DURATION OF TAMOXIFEN THERAPY
Breast cancer is a disease with at least a 20-year natural history. The question is, “Would 10 years of tamoxifen be better than five years for providing protection against recurrence in the second decade after diagnosis?” There are almost as many breast cancer deaths in the second decade after diagnosis as in the first. We’ve really got to think on a long-term scale. When we do that, the idea that 10 years might be better than five years actually becomes quite interesting.
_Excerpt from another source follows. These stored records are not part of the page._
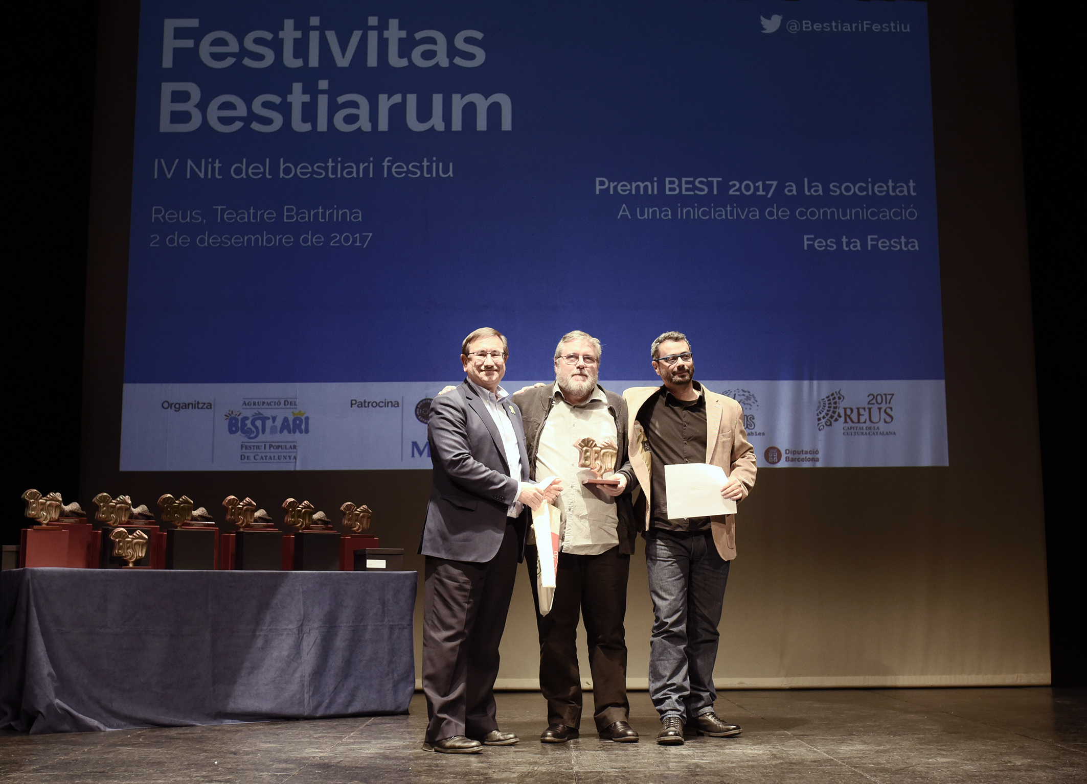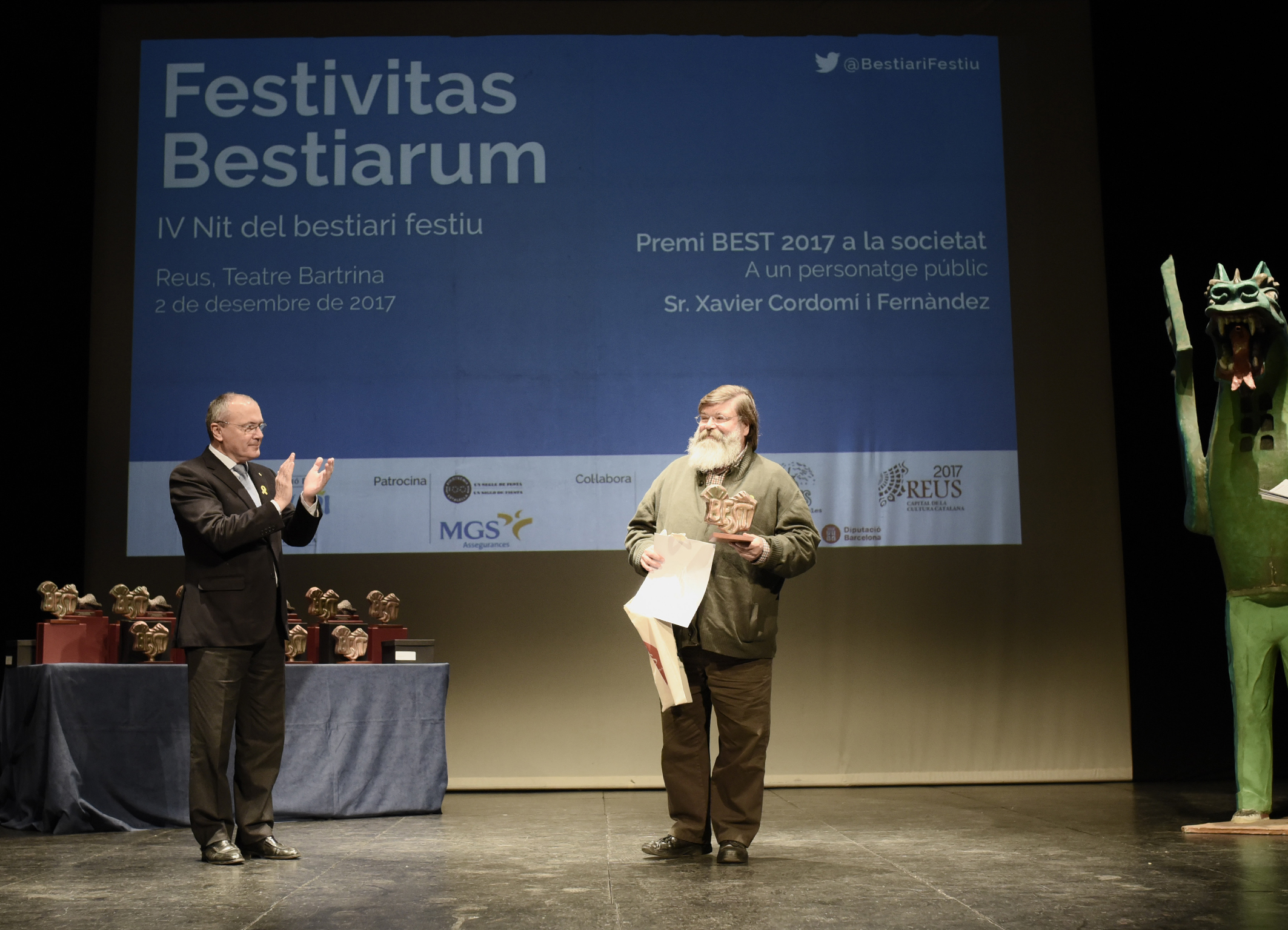 • Premi BEST 2017 a un personatge públic: al dinamitzador cultural Xavier Cordomí, de la Casa dels Entremesos, per la seva proximitat i vinculació a l’àmbit del bestiari, i com a fundador de diferents entitats, entre elles el Col·lectiu Santa Fe per al bestiari festiu.
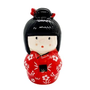 Enfeite Japonesa Cerâmica Kokeshi Vermelha cuidado do Lar
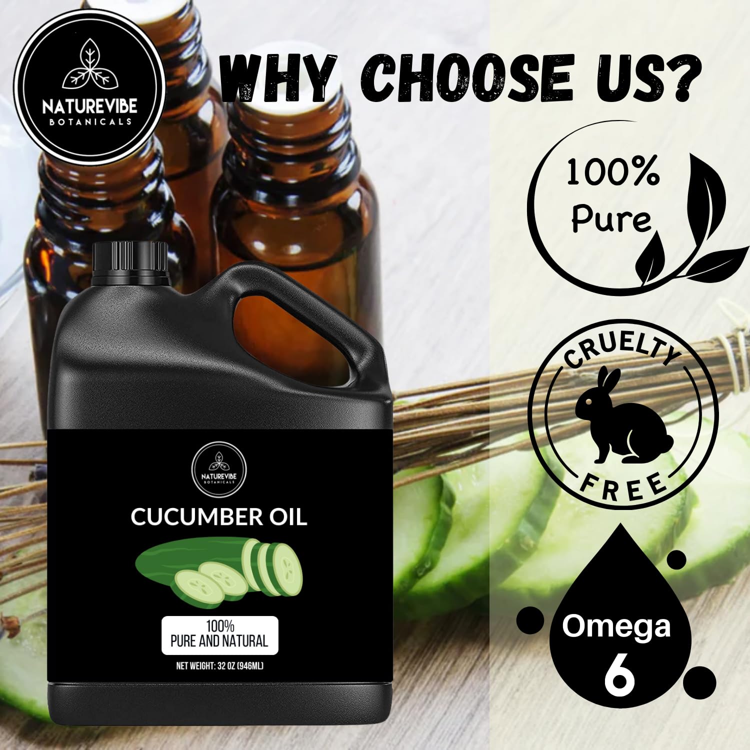 - ✅Cucumber Seed Oil 32 Ounces by Naturevibe Botanicals | Cold Pressed 100% Pure & Natural Carrier Oil | Perfect for Facial Care & Soothing Massages | Non Greasy Face & Body Moisturiser (946 ml)

We’ve got virtually no information on that second decade.

—Richard Peto, FRS

INTERGROUP 0101 STUDY OF ADJUVANT OVARIAN ABLATION
The study was designed a long time ago, and at a time when there was increasing interest in ovarian ablation because of the meta-analysis and because there were now drugs available that could lead to chemical castration as opposed to surgical ablation.
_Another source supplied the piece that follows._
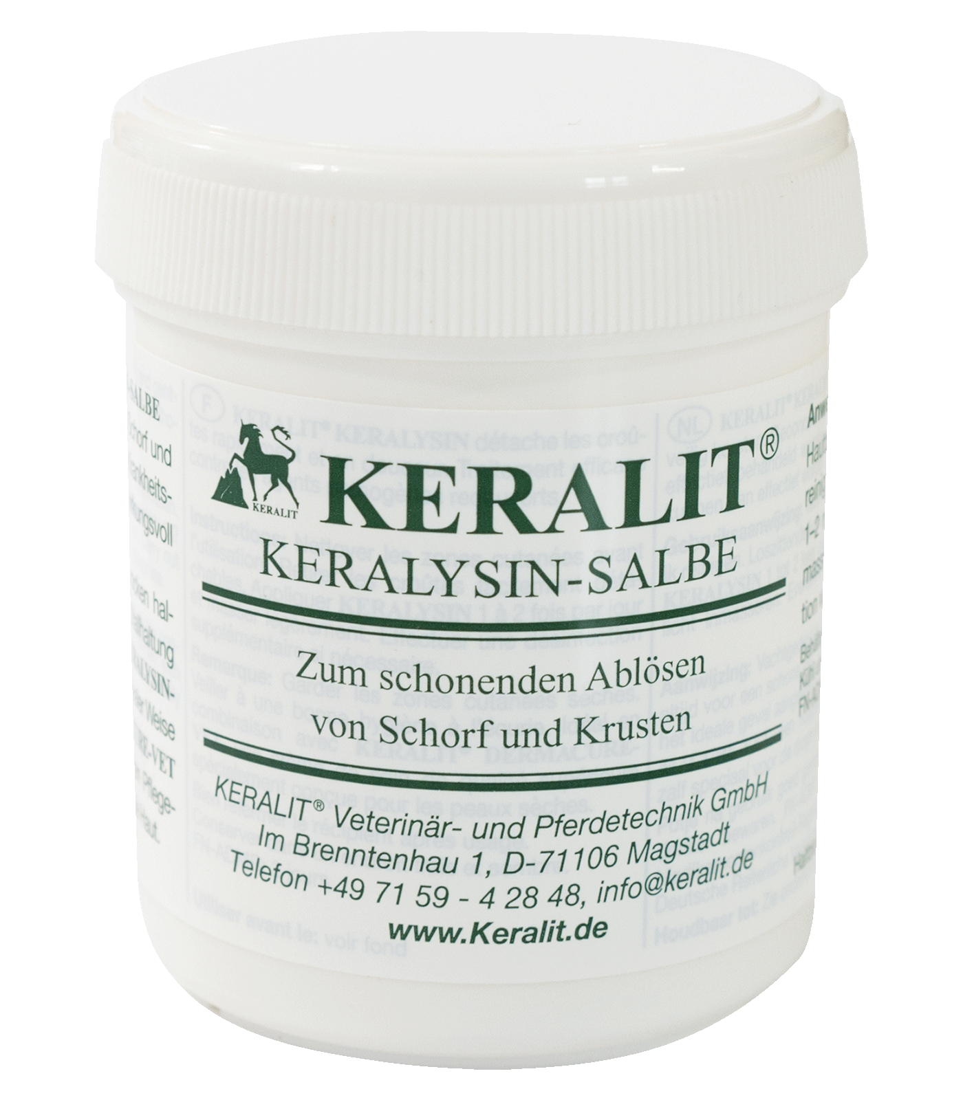 Keralit Keralysin to specjalistyczna maść na grudę, strupy oraz uporczywe zmiany skórne u koni, która delikatnie i skutecznie zmiękcza przylegające warstwy strupów, ułatwiając ich bezbolesne usunięcie. Dzięki swojej formule, produkt zapewnia szybsze i bardziej efektywne leczenie bez ryzyka podrażnień.
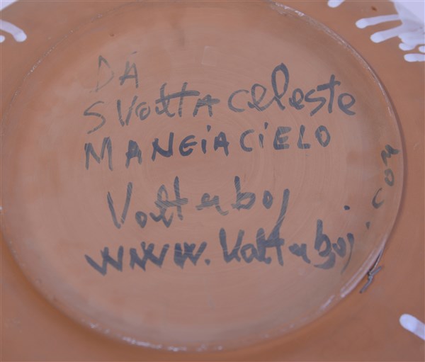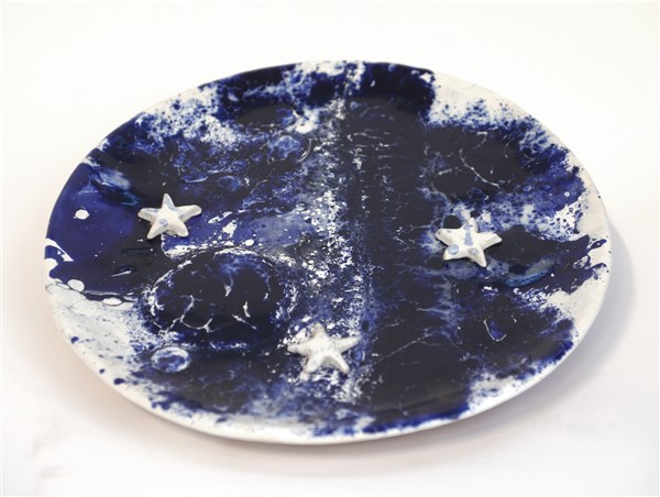 Piatto in ceramica smaltata sottovetrina nei toni del blu e del bianco con applicazioni di stelle in rilievo. Italia, secolo XX. Firmato sotto la base. (d cm 42)

In the best of all worlds we would have had a 4th arm of CAF followed by tamoxifen, but at the time we weren't sure that we could accrue to that trial in a timely fashion and have something to talk about.
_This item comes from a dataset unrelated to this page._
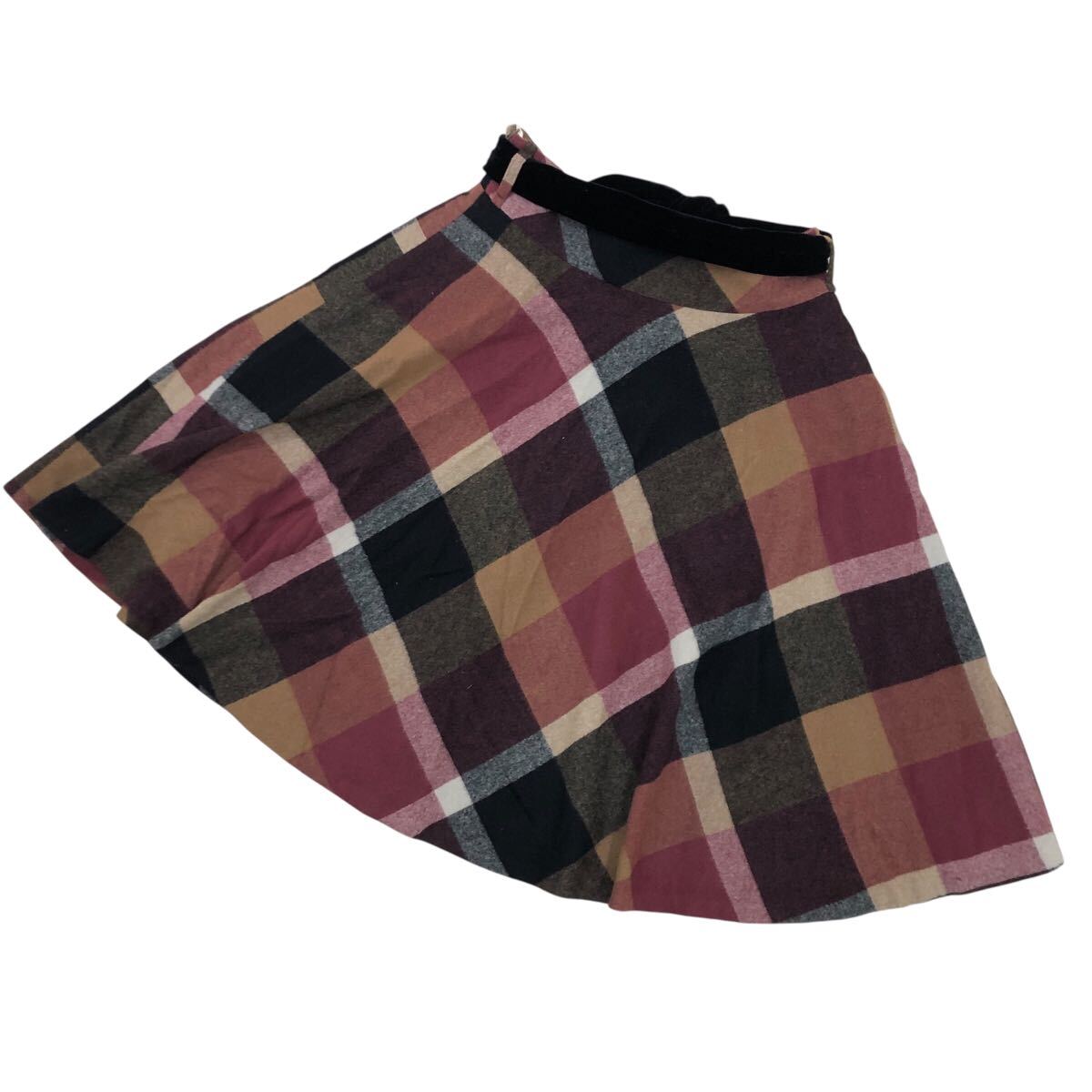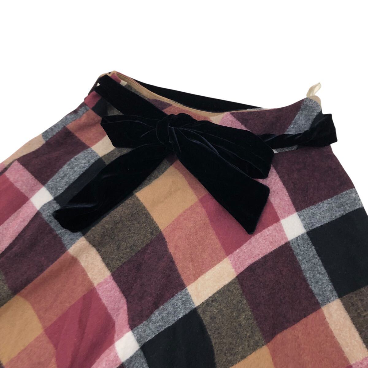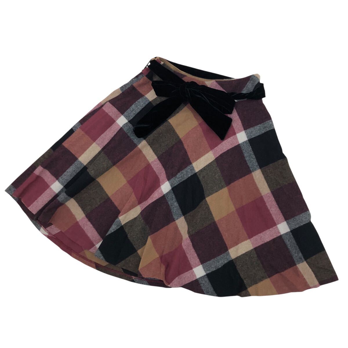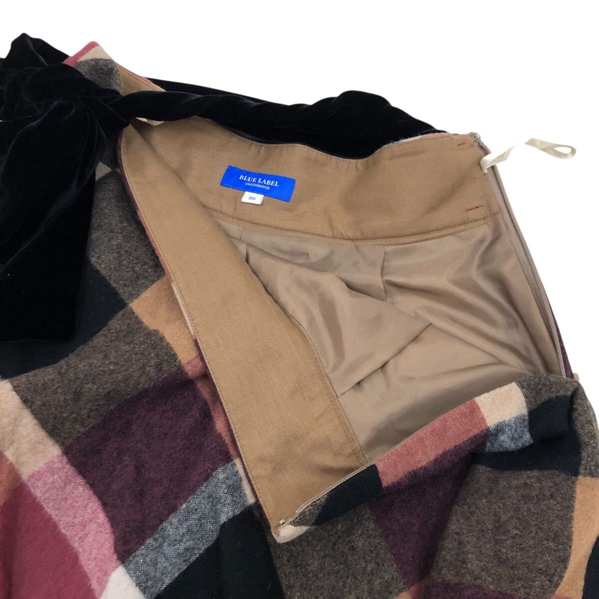 9NK003-77 BLUE LABEL CRESTBRIDGE ブルーレーベル クレストブリッジ ミニ スカート フレア ボトムス チェック 赤 黒 系 レディース 女性用 38
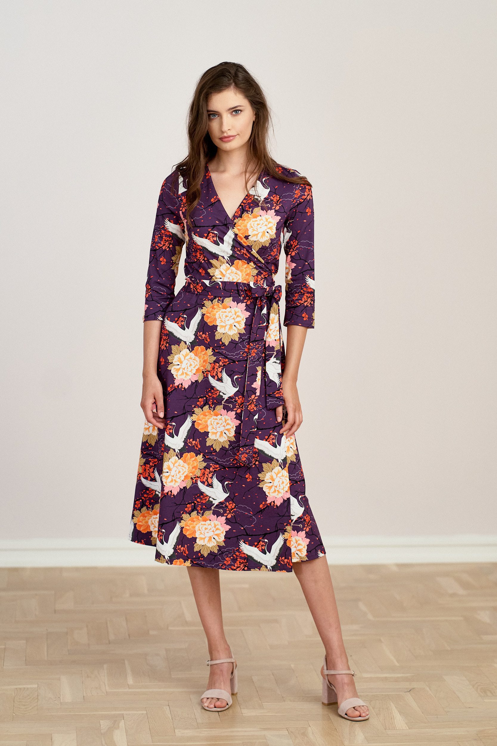 Aida to dzianinowa sukienka o prostym, kopertowym kroju; w talii przewiązywana paskiem. By dobrze ją dopasować, możesz sukienkę całkowicie rozwinąć.

The disease-free survival was better for the group receiving CAFZT compared to CAFZ. There was a borderline impact of CAFZ compared to CAF. An unplanned preliminary, retrospective subset analysis demonstrated that younger women — arbitrarily defined as women under the age of 40 — seemed to do better with Zoladex®(goserelin acetate implant). Perhaps that's not surprising, because those women are the least likely to be made postmenopausal by chemotherapy. There's also a suggestion that women with premenopausal estrogen levels after chemotherapy were destined to derive benefit from Zoladex. The big clinical question now is what to do with the young woman who is premenopausal at the end of chemotherapy? Most of them receive tamoxifen as a matter of routine, and I personally am not using LHRH agonists in that situation right now, but some of our very good colleagues have looked at these trial results and said that they think it is legitimate to do.

— Nancy E Davidson, MD

ADJUVANT OVARIAN ABLATION
We now have several trials demonstrating that in receptor-positive premenopausal patients, ovarian ablation is as effective as CMF — and, in fact, there’s almost a suggestion that it is better. In the ECOG study (Intergroup 0101), patients received CAF, which everyone would consider state-of-the-art chemotherapy. In that trial, there was additional benefit from adding ovarian ablation to CAF — certainly among women under age 40. That study really changed my thinking, and I have now moved to the point that if a woman receives adjuvant chemotherapy and does not stop menstruating, I routinely add the LHRH agonist, Zoladex, with tamoxifen.

— I Craig Henderson, MD

AUSTRIAN TRIAL: ABCSG 12
The basis for this trial was a study presented at ASCO whereby patients were randomized either to CMF or to Zoladex plus tamoxifen. This was in premenopausal, ER-positive patients, and what it showed was that the early recurrence-free survival curves were in favor of the endocrine arm. And so they have taken that as the control arm for the next study, and they’re now comparing Zoladex plus tamoxifen to Zoladex plus Arimidex.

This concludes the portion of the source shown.